И я ставлю этот вопрос. Ни ты, ни кто другой не уйдёт от него. Цель моей жизни его ставить. И вы никакими телефонами и паровыми машинами от меня не отделаетесь, потому что вопрос этот ставлю не я, а жизнь, которая летит в бездну!
Скажешь: старо, не ново! Конечно. Но я убеждён, – почти прокричал Матвеев, – что до меня никто так глубоко и так мучительно не переживал этого! И я верю, что всё, что я перестрадал, поможет мне поставить перед человечеством этот вопрос в новой силе и новой правде!.. Мир содрогнётся от ужаса этой правды и… спасётся!..»
Террор и бессмертие[23]
I
Террор и бессмертие – вот два слова, которые невольно напрашиваются на сопоставление! В них есть какая-то глубокая, знаменательная связь. Перед вами встаёт во весь рост грозный, беспощадный призрак смерти, со всеми страданиями, со всей бесконечной вереницей самых мучительных вопросов, самых роковых недоумений, – встают великие тени добровольно вошедших на эшафот и безмолвно, но властно говорят об этой глубочайшей связи бессмертия и террора.
Какой религиозный смысл в геройстве этих добровольных мучеников, часто презирающих религию как самый нелепый предрассудок, считающих бессмертие за сказку?
Убивая должностное лицо, многие из них считали принципиально недопустимым обращаться в бегство. Спиридонова, ранив Луженовского, приставила револьвер к виску, чтобы покончить с собой422.
Значит, не было у них надежды на собственное спасение, не было у них мысли, что они когда-нибудь увидят народ, спасённый рукою их. Зачем же, зачем они, эти атеисты, материалисты, лишали себя того, что для их сознания имеет высшее и всеопределяющее значение, – зачем они лишали себя своей собственной жизни?

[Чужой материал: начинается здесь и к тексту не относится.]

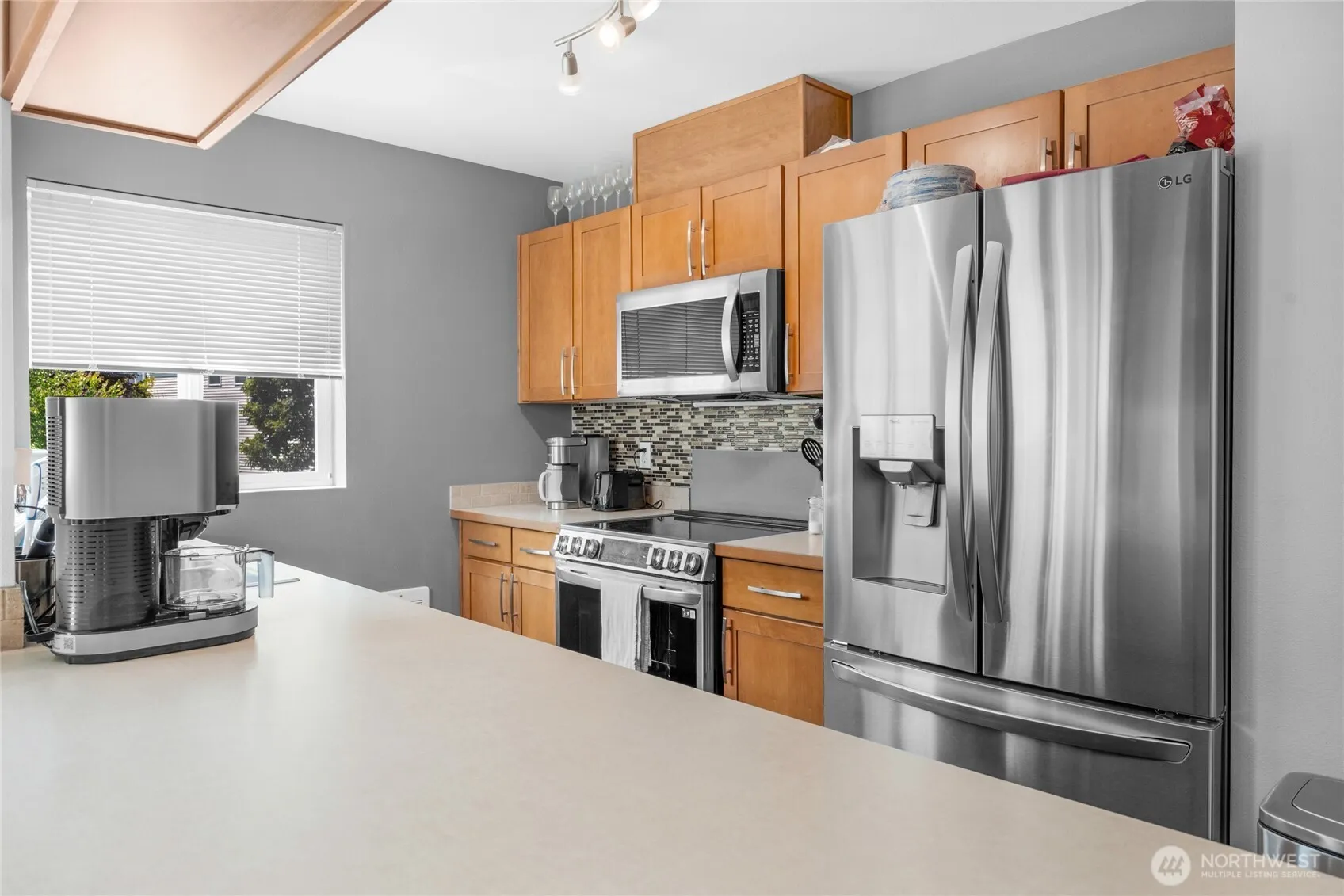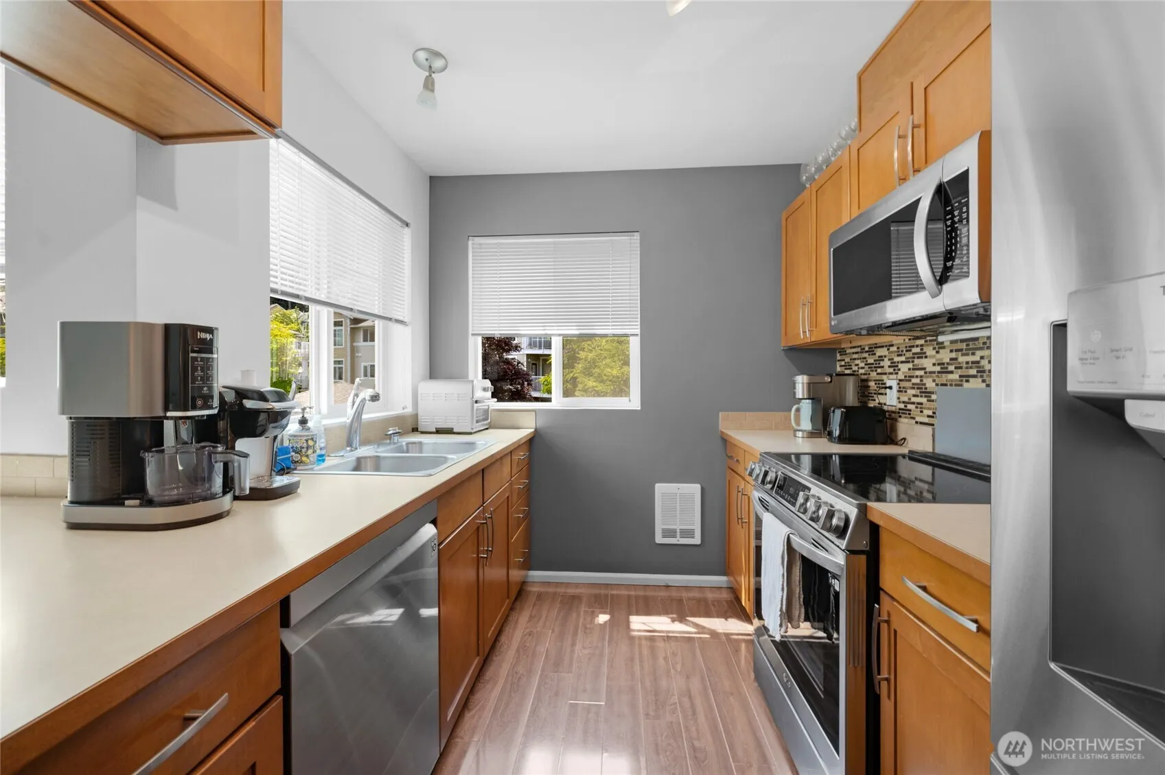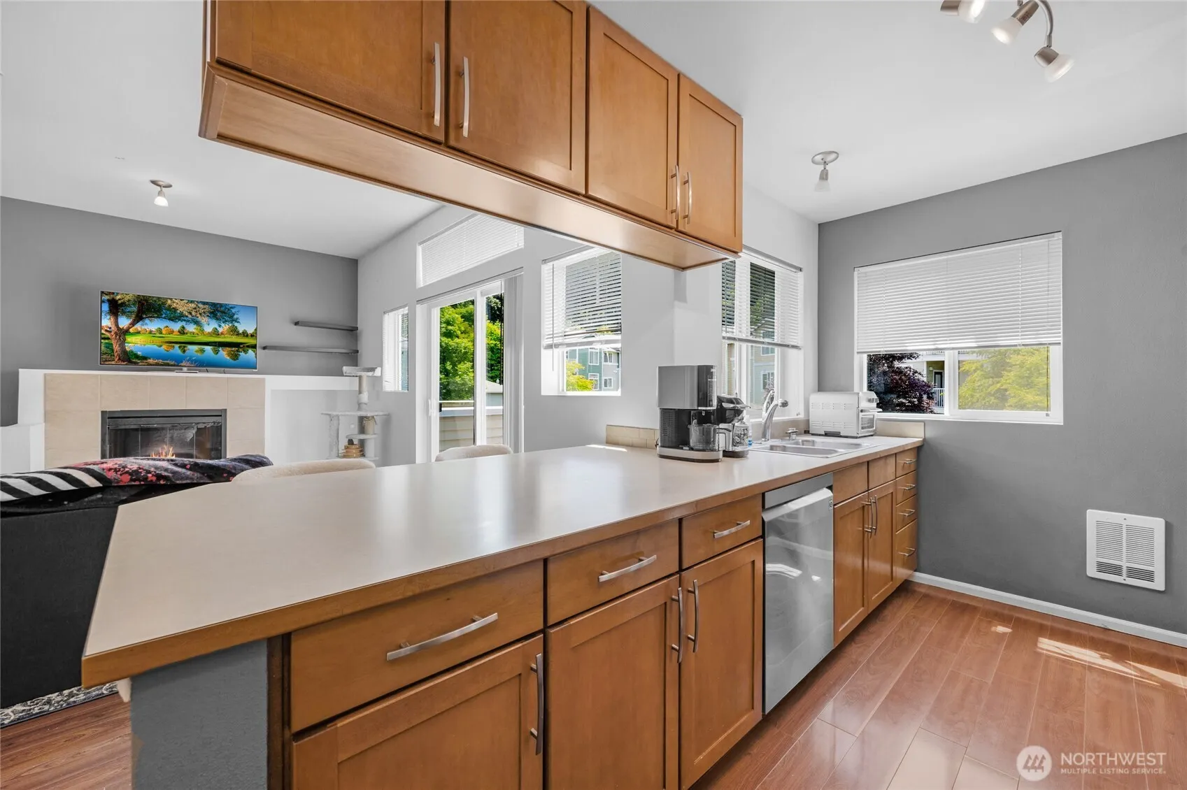 Welcome to this beautifully maintained 1-bedroom, 1-bathroom condo offering 802 sq ft of comfortable living space. Built in 2006, this two-story unit lives like a townhome, featuring wood floors, a cozy gas fireplace, and a private balcony with territorial views. The spacious kitchen is equipped with stainless steel appliances, a breakfast bar, and ample cabinet space. Additional highlights include in-unit laundry, an attached garage, and an extra parking space in front of the garage. Situated in a peaceful community, this home is conveniently located near golf courses, walking trails, parks, and offers easy access to I-5, SR-167, and the Angle Lake Light Rail Station. 4.25% FHA Assumable Mortgage!!!
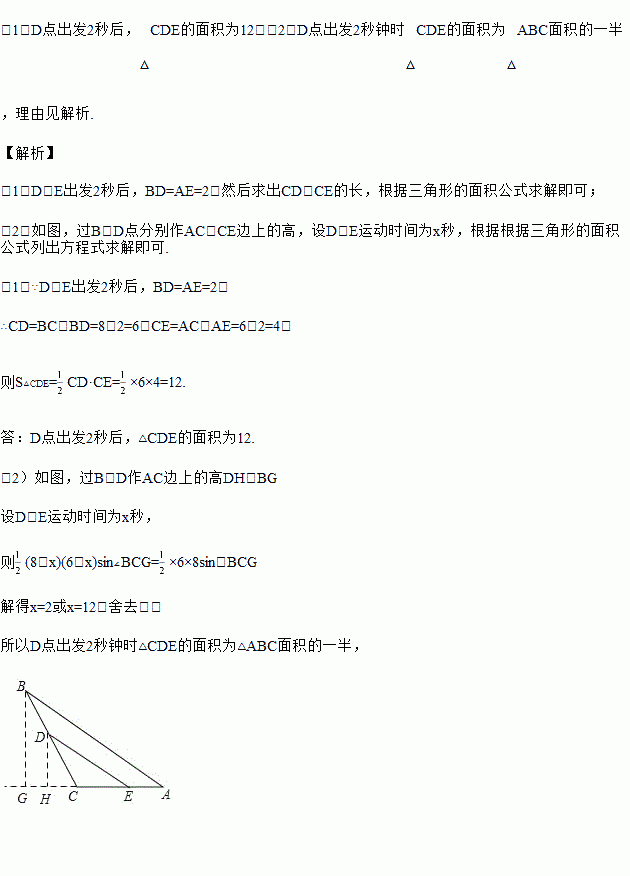 (1)如图1.△ABC中,∠C为直角,AC=6,BC=8,D,E两点分别从B,A开始同时出发,分别沿线段BC,AC向C点匀速运动,到C点后停止,他们的速度都为每秒1个单位,请问D点出发2秒后,△CDE的面积为多少?
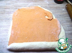 Положить оранжевое тесто на белое и скатать в рулет.
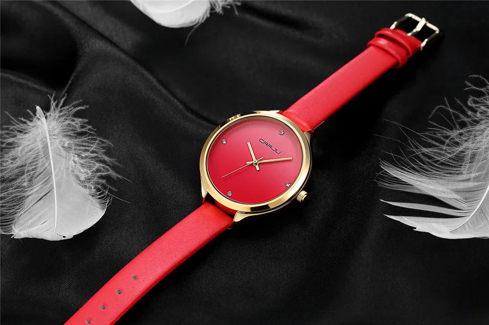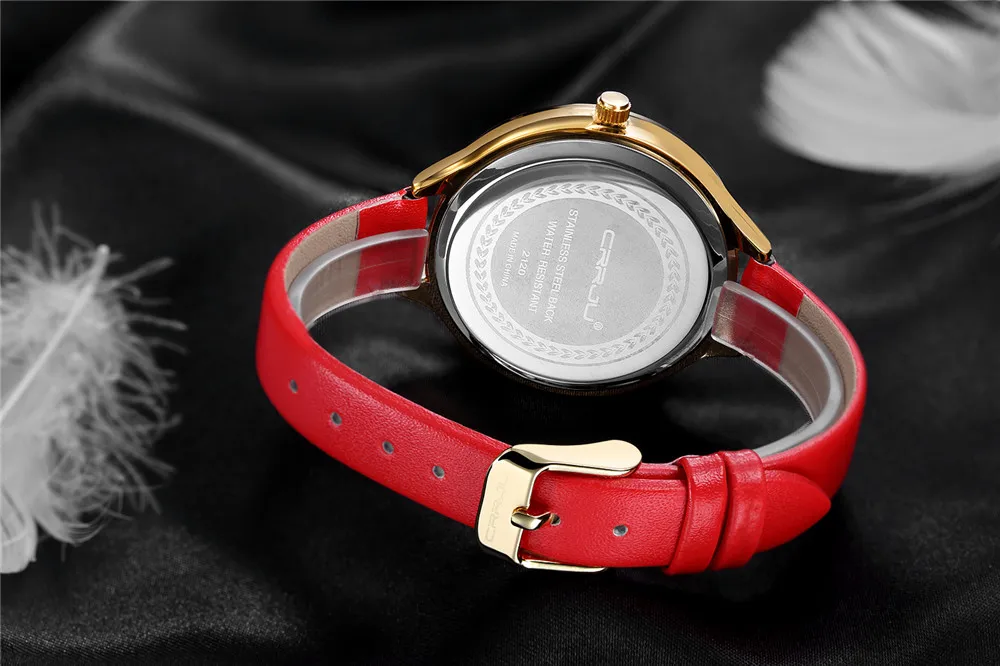 Часы наручные CRRJU женские кварцевые, брендовые модные деловые, с красным кожаным ремешком
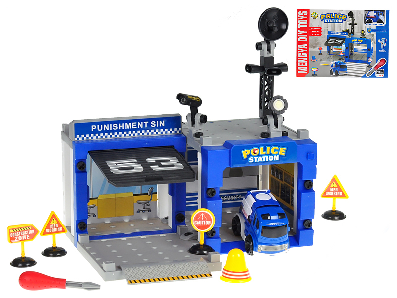 Stanice policejní šroubovací 67ks s autem 10cm na setrvačník v krabičce
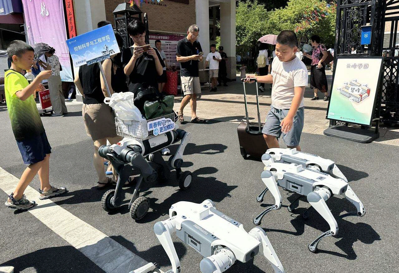 8月22日,浙大紫金港校区秒变“科技秀场”,云深处科技的机器狗小队穿梭人群,又干活又卖萌,新生们纷纷直呼:这也太酷了吧!
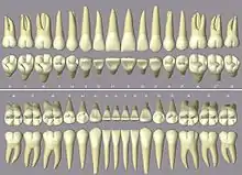 Un diente puede tener una o varias raíces. El número de raíces es generalmente constante para un tipo de diente dado, con alguna variación posible.
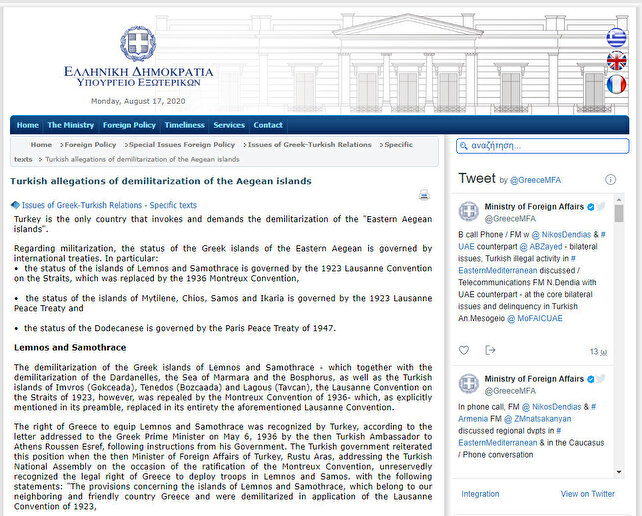 Yunanistan Dışişleri Bakanlığı kanalıyla apaçık bir yalan söylemekten, var olan antlaşmalara olmayan maddeler eklemekten çekinmiyor. Montrö Boğazlar Sözleşmesi’nde adalar ile ilgili tek bir madde dahi bulunmazken bu adaların statükosunu belirleyen antlaşma hala Lozan Barış Antlaşması.
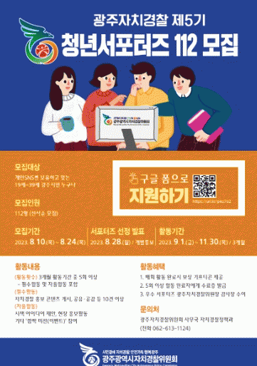 [È£³²±Ç] ±¤ÁÖ±¤¿ª½ÃÀÚÄ¡°æÂû, û³â ¼Æ÷ÅÍÁî 112¸í »Ì´Â´Ù |2023. 08.09
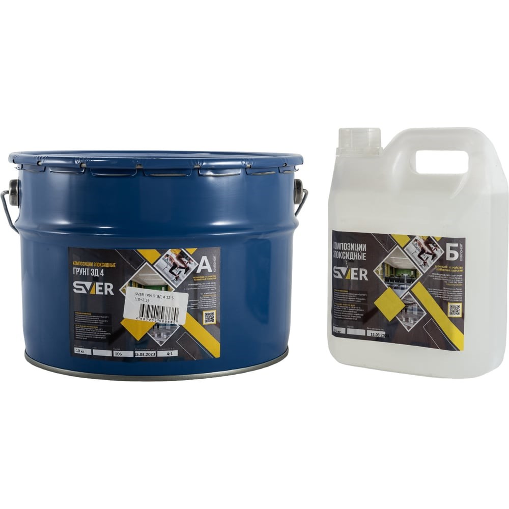 Грунт SVER ЭД 4 12.5 кг (10+2.5 кг) 1000145 - это двухкомпонентный эпоксидный порозаполняющий грунт. Не содержит растворителей. Область применения: Грунтование поверхности при устройстве полимерных покрытий (эпоксидных и полиуретановых). Шпатлевание поверхности (в смеси с песком). Устройство плинтусов, откосов и т.п. (в смеси с песком и специальной добавкой). Для поверхностей: Бетон, пескобетон, цементные наливные полы, плитка, камень, кирпич и другие минеральные поверхности. Металлические поверхности. Приготовление состава. Грунт ЭД 4 имеет два компонента ("А" и "Б"), которые находятся в тщательно подобранном соотношении. При необходимости частичного использования упаковки следует четко соблюдать соотношение компонентов. При несоблюдении этого правила, возможно появление аминной пленки на поверхности, остаточная липкость или потеря физикомеханических свойств слоя. Перемешивание состава производится мешалкой (400-600 оборотов в минуту) со спиральной насадкой, обеспечивающей движение смеси снизу вверх. Диаметр насадки должен быть не менее 1/3 диаметра емкости. При перемешивании компонентов насадка миксера не должна подниматься над уровнем материала, чтобы не вовлекать излишний воздух в состав. Пропорции смешения весовое соотношение: 4 части компонента А к 1 части компонента Б.
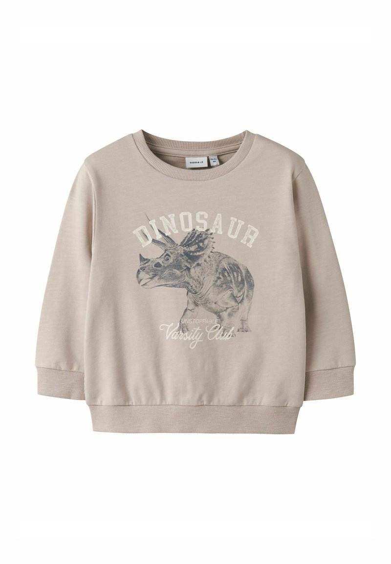 Sweat-shirt beige pour enfants avec un motif de dinosaure tricératops et le texte "DINOSAUR Unstoppable Varsity Club" sur le devant.
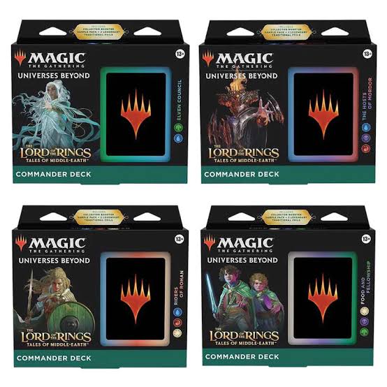 - Contents—1 ready-to-play The Lord of the Rings: Tales of Middle-earth Commander Deck (includes 2 Foil Legendary cards), a 2-card Collector Booster Sample Pack, 1 Foil-Etched Display Commander, 10 double-sided tokens, 1 Helper card, 1 life tracker, and 1 deck box
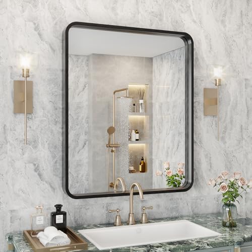 - 【Sturdy Black Bathroom Mirror】 Abelockand black metal mirror is built with 4MM HD glass, it features shatter-proof, burst-proof, much safer to use. Metal frame design makes this mirror shatter-resistant, explosion-proof, anti-rust, ideal for using in bathroom, entryway, bedroom, living room wall decor, or above your dressing table.
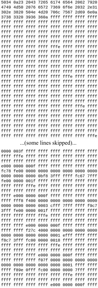 Note that there is a linebreak (and no space) so that the data is not actually stored directly as the grid of pixels itself, mainly for portability, that's what the P of PBM stands for. For this reason, we really need the encoding in the header. For instance, if it would be off by one and read 784 966 instead of 783 966, the image would be reconstructed as:
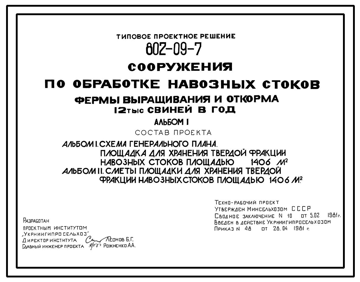 Типовой проект 802-09-7 Сооружения по обработке навозных стоков фермы выращивания и откорма 12 тыс. свиней в год
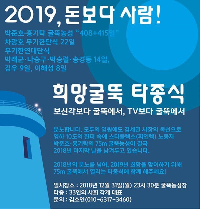 2019년 새 달력을 걸며 새로운 한 해를 시작하려는 굴뚝 노동자들에게도 새 달력을 선물해주자. 새해의 첫 일출을 또다시 굴뚝에서 맞이하게 하지는 말자. 파인텍 노동자들이 가족들과 함께 새 달력을 걸며 2019년을 시작할 수 있도록 굴뚝을 향해 힘껏 손을 흔들어 주자. 이는 나의 꿈을 응원하는 일이기도 하니까.
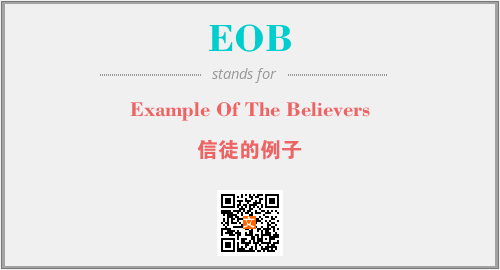 上述内容是“Example Of The Believers”作为“EOB”的缩写,解释为“信徒的例子”时的信息,以及英文缩略词EOB所代表的英文单词,其对应的中文拼音、详细解释以及在英文中的流行度和相关分类、应用领域及应用示例等。
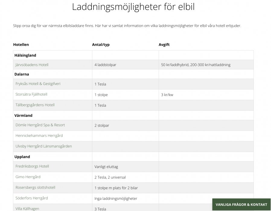 Jag planerar en resa i Sverige och har tidigare utnyttjat Countryside Hotel då deras fristående hotell har passat mina krav. Nu upptäckte jag att Countryside Hotel har samlat alla de hotell, som erbjuder sina gäster laddmöjlighet. Här är några förslag från hemsidan:

Разве они, в своих головных теориях, не полагали в основу всяких человеческих действий – эгоистическое начало?423 Разве они не напрягали всех сил своих, чтобы «житейским» пошлым себялюбием – всё, мол, для себя – объяснить свои идеальные порывы? Зачем же, кому они принесли в жертву самую первую основу всякого эгоизма? Где же то я, которому они отдали, по их мнению, единственное я своё, в виде земной своей оболочки?
Вопрос поставлен ребром. На него должен быть ответ.
Но единственно удовлетворительный ответ, который сам собой напрашивается на язык, так не по нутру обычному сознанию, он так нелеп для него, так противоречит тому, что думают все, так неудобен в XX веке, обязывает к таким дальнейшим выводам, что обычное сознание, всеми силами своими отмахиваясь от прямолинейности и неизбежности этого ответа, пытается всё свалить на святую любовь к народу, весь трепетный религиозный смысл этих великих жертв пытается заглушить торжественными звуками похоронного марша.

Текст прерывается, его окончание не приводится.